Some estimates put the population density of Kibera in Nairobi, Kenya—often called Kenya’s largest informal settlement—at as high as 300,000 people per square kilometer. Compare this with New York City, one of the rich world’s densest cities, which has about 30,000 people per square kilometer. At the very least, we need to recognize that “keeping a safe” distance is simply not possible in crowded urban slums, whether Dharavi or Kibera. Instructions and heuristics around distancing need account for these realities. Given the impossibility of true distancing, there may be creative ways to help people develop heuristics for which social interactions to minimize and how, and think through how to shield the most vulnerable in low-income settings, following an approach the London School of Hygiene and Tropical Medicine has developed.

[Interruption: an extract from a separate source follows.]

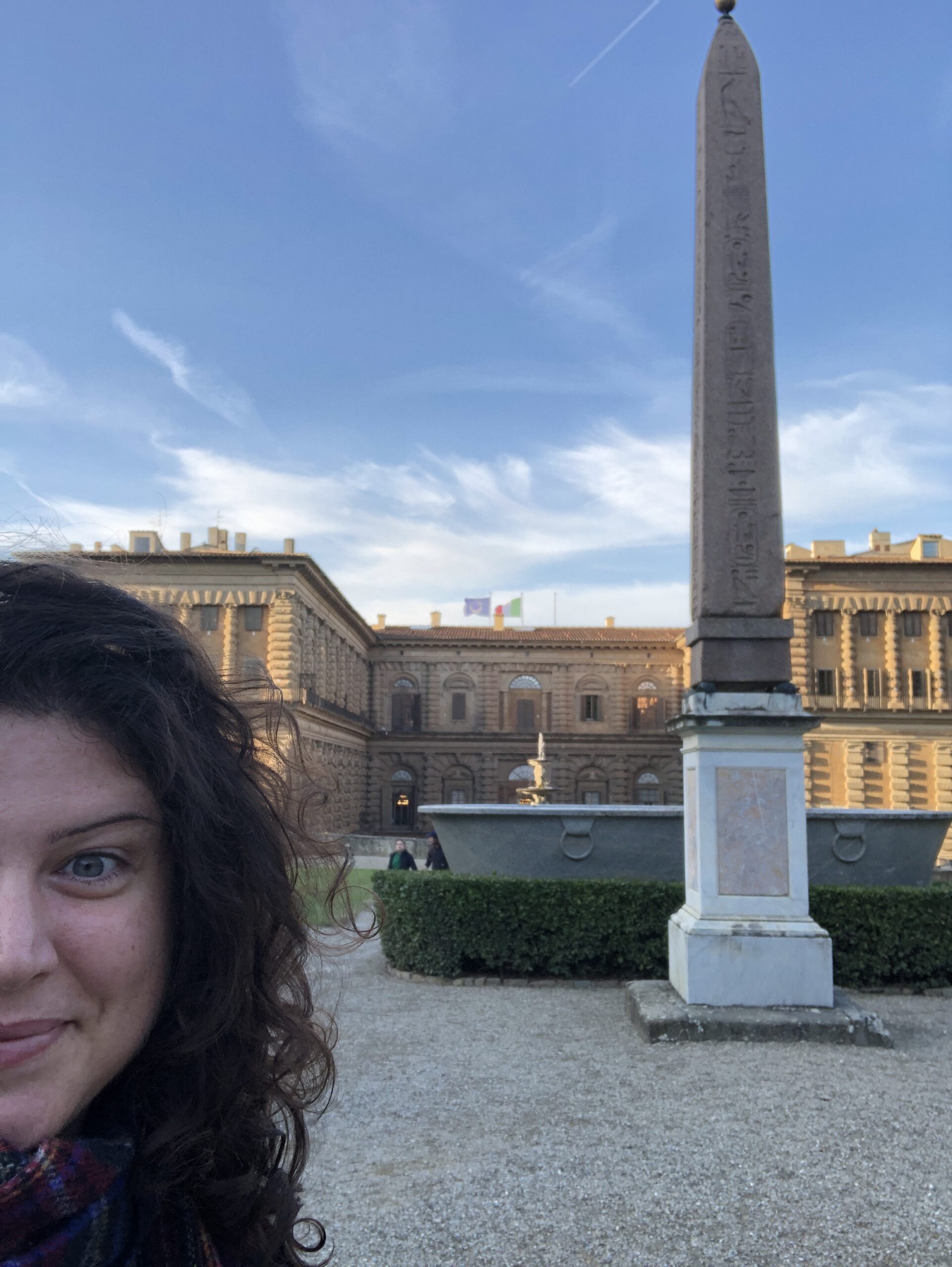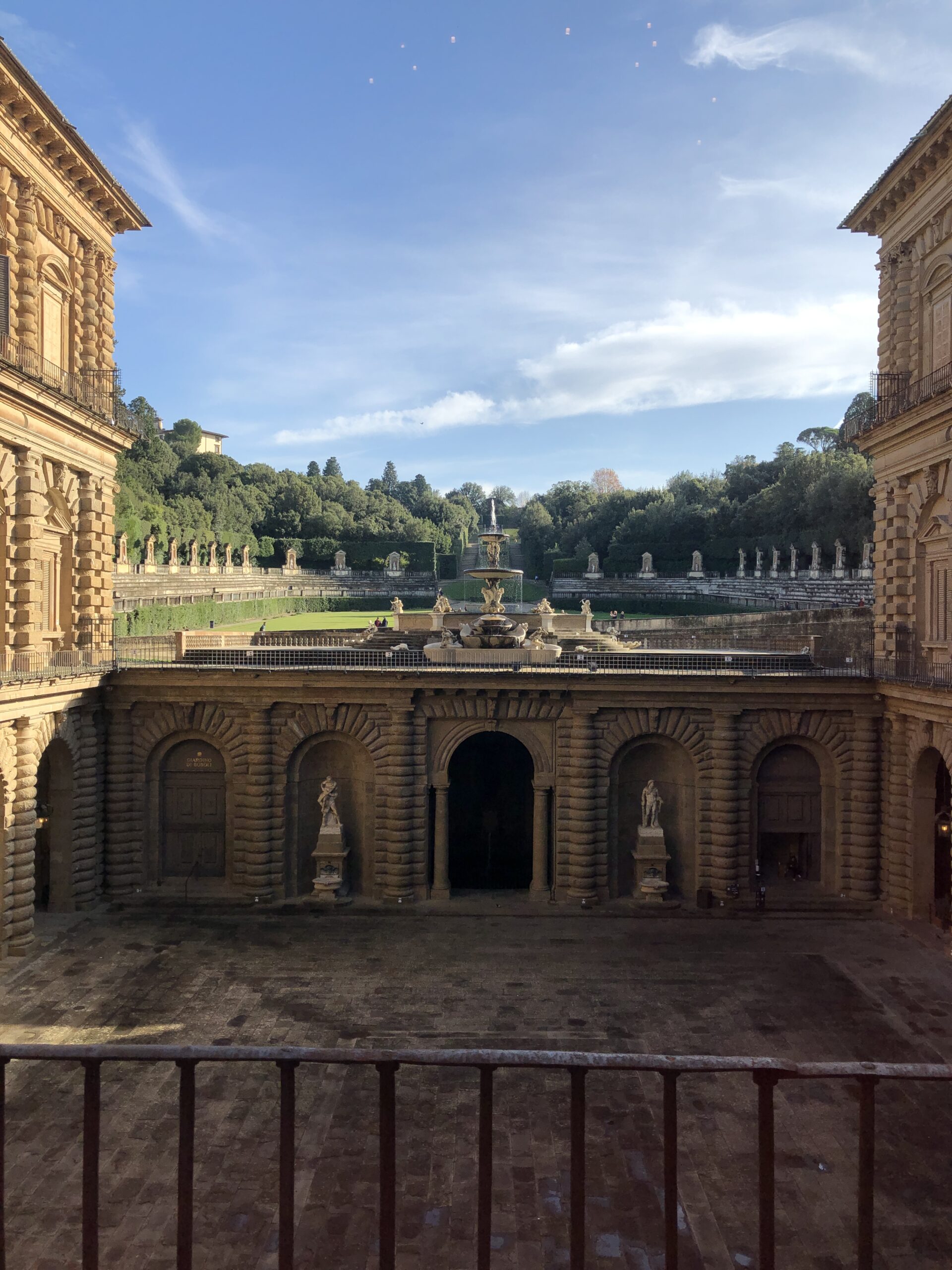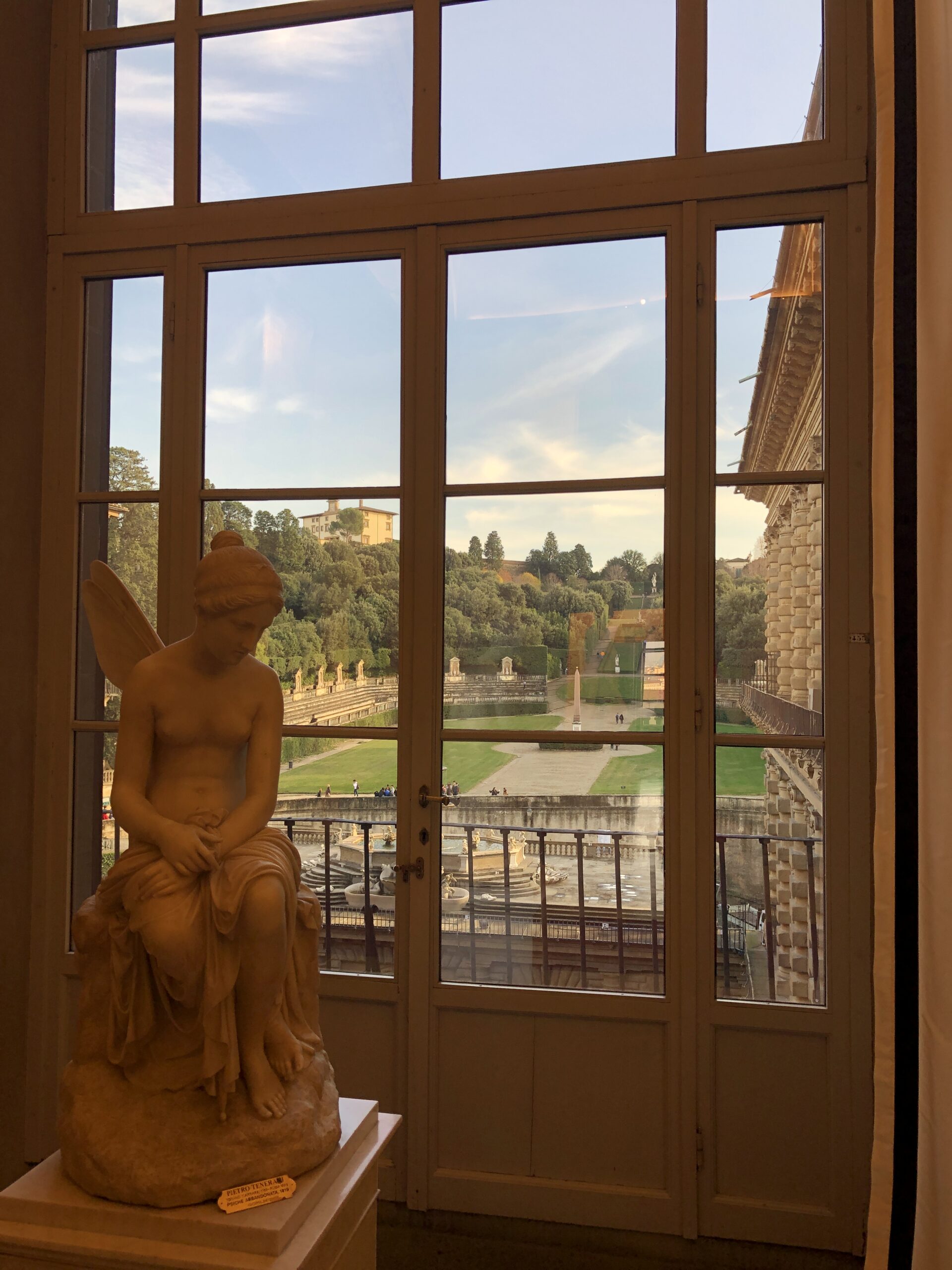 Il giardino di Boboli è esteso per questo so già che non riuscirò a vederne nemmeno la metà ma (detto in confidenza) non mi è mai piaciuto perciò non me ne cruccio. Corro su per le scalinate che si allontanano dal palazzo attraversando il piccolo anfiteatro e aggirando la grande vasca della fontana superiore. In cima c’è una piccola villa dai colori tenui color pastello con un giardino disegnato da bassissime siepi un po’ malconce. La cosa bella di questa terrazza era potersi sporgere un po’ per ammirare Firenze dall’alto e le sue rigogliose colline verdi. Purtroppo, hanno messo una corda lungo tutto il muretto di cinta e, oltre all’estetica del luogo, hanno sciupato anche la magia e la poesia di un panorama perfetto.

https://youtu.be/ODIIoGLuTpE
In Kibera, poor sanitation and overcrowding make social distancing an impossible task, raising fears about the potential spread of the novel coronavirus.

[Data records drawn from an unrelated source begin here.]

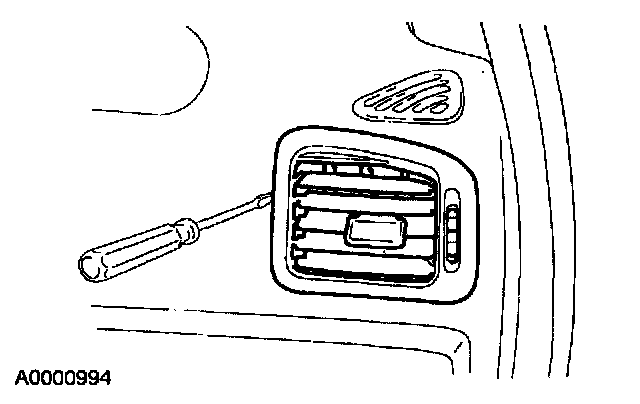 REMOVAL1. Depress the inboard side tab with a flat blade tool. Pull the register rearward, depress the outboard tab and remove the register.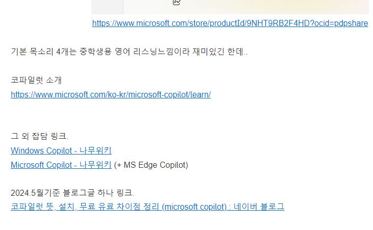 | 마이크로소프트 엣지(Edge) 웹브라우저에 코파일럿(AI; MS의 인공지능 챗봇)이 들어갔다는데.. (0) | 2024.12.28 |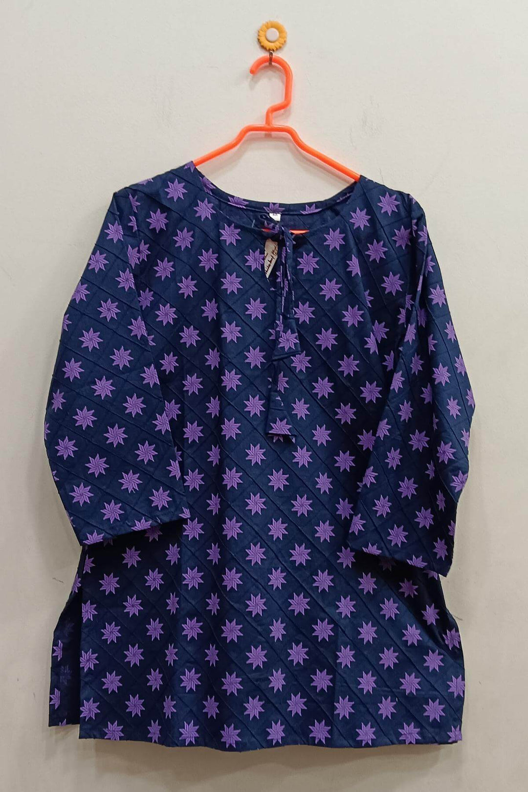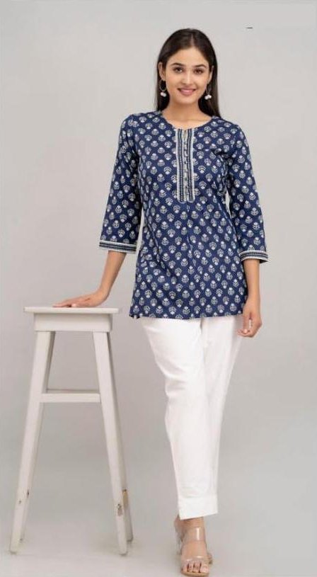 Pin tuck pure cotton tunic in navy blue with floral motifs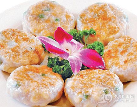 3.加蟹肉拌匀,摘成小面糊,放进平底锅,用小火煎至两面金黄色即可。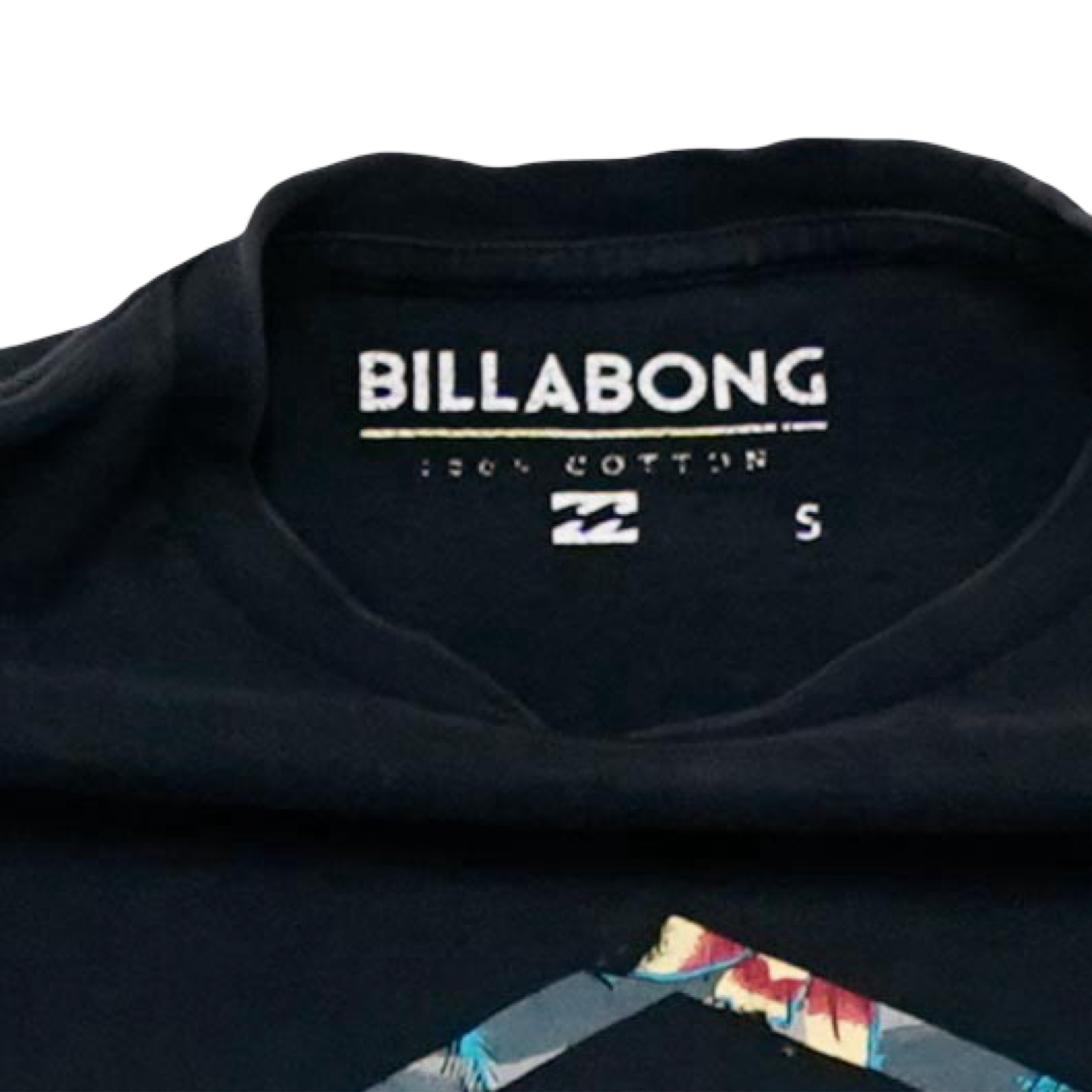 Pánské černé tričko značky Billabong s krátkým rukávem a potiskem na přední straně.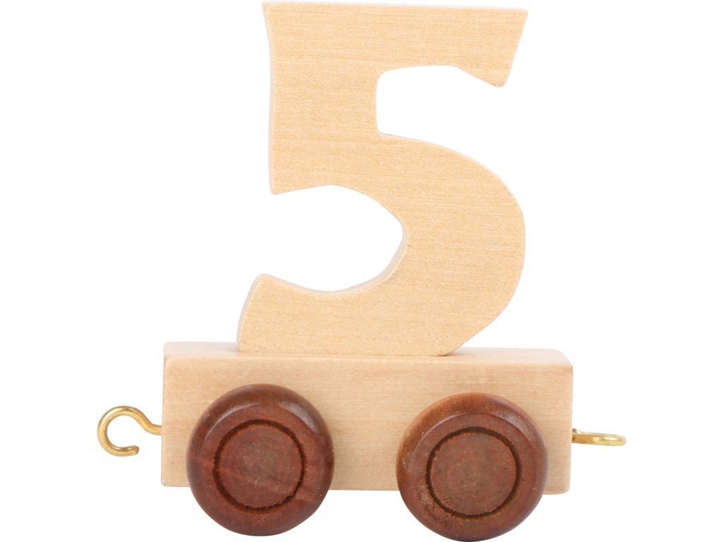 Vagónek dřevěné vláčkodráhy - přírodní číslice - číslo 5

Campaigns around handwashing and other hygiene measures will also need to adapt to the realities of people’s living conditions. It makes little sense to ask people who have no running water to wash their hands regularly unless provisions are also made to fix this structural problem, as has been attempted in Kibera. More broadly, behavioral science tells us that people are likely to disregard advice that appears to not be targeted at “people like them,” making it doubly important to tailor any instructions to people’s lived realities. Advice needs to be realistic—perhaps people could indeed be asked to wear masks, and existing networks of small tailors supported to make them quickly and cheaply—but recognizing the limits on what is possible in crowded, less-sanitary settings will be important (if necessarily sobering).

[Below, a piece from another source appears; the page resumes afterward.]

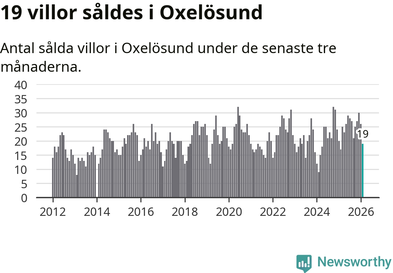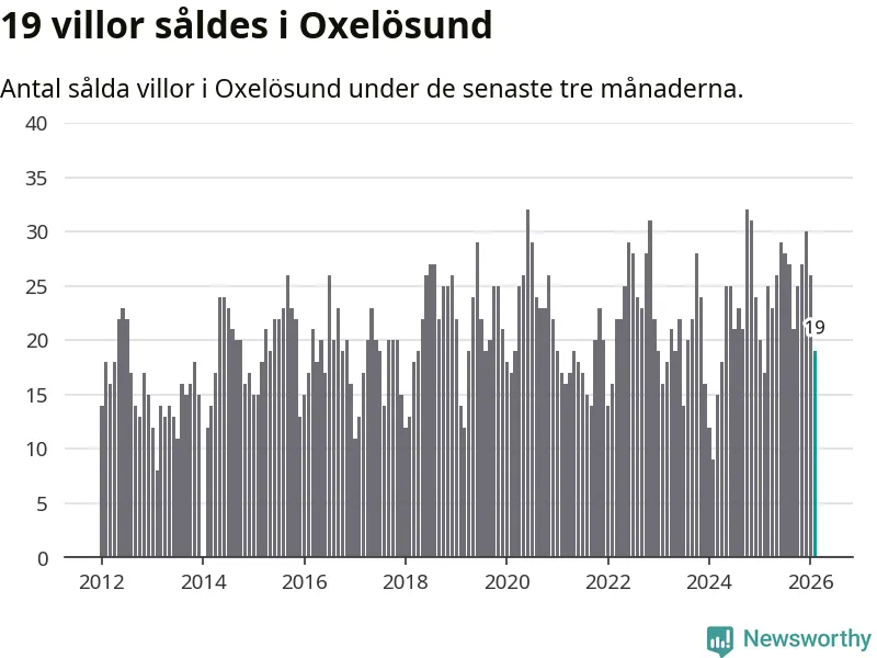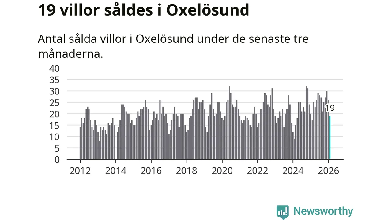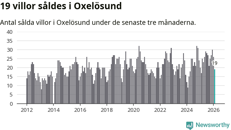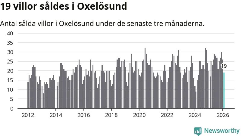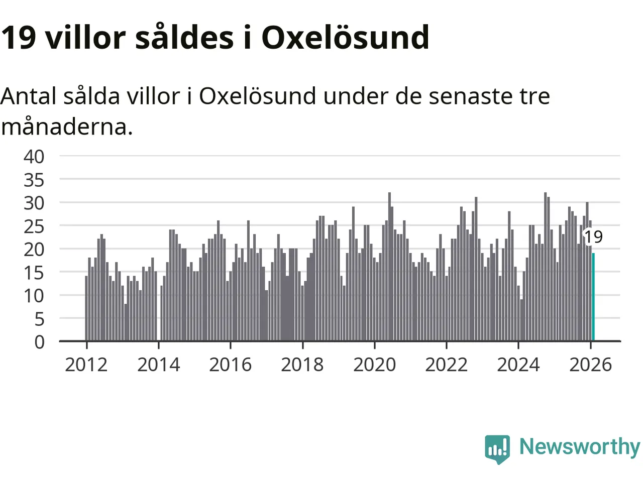 Mellan december och februari gjordes sammanlagt 19 affärer med villor i Oxelösunds kommun. Det kan jämföras med 17 vid motsvarande tid i fjol.

Beyond adapting measures to local circumstances, developing countries need to recognize the extreme financial vulnerability of a large fraction of their working population, who often have even less of a buffer than poor people in richer countries. Mitigating the economic impact of widespread losses of income thus becomes doubly critical. Governments need to put in place systems to quickly get cash assistance to vulnerable households and groups by utilizing existing mechanisms for the provision of cash or in-kind support, such as direct transfers to bank accounts opened under financial inclusion drives, leveraging beneficiary lists for seasonal cash-for-work public works programs, and so on.

It makes little sense to ask people who have no running water to wash their hands regularly unless provisions are also made to fix this structural problem.

Ultimately, a crisis like the present one only underlines the importance of having invested in systems—whether primary health care, food and cash distribution systems, or plain administrative capacity—in more benign times. Governments that have done the hard work of setting these systems up have a much better chance of being able to handle the fallout from COVID-19 without immense pain to their poorer citizens than those that have postponed these important tasks or neglected them altogether.

Disclosure: Saugato Datta is an employee of ideas42, which is a founding partner of the Behavioral Scientist.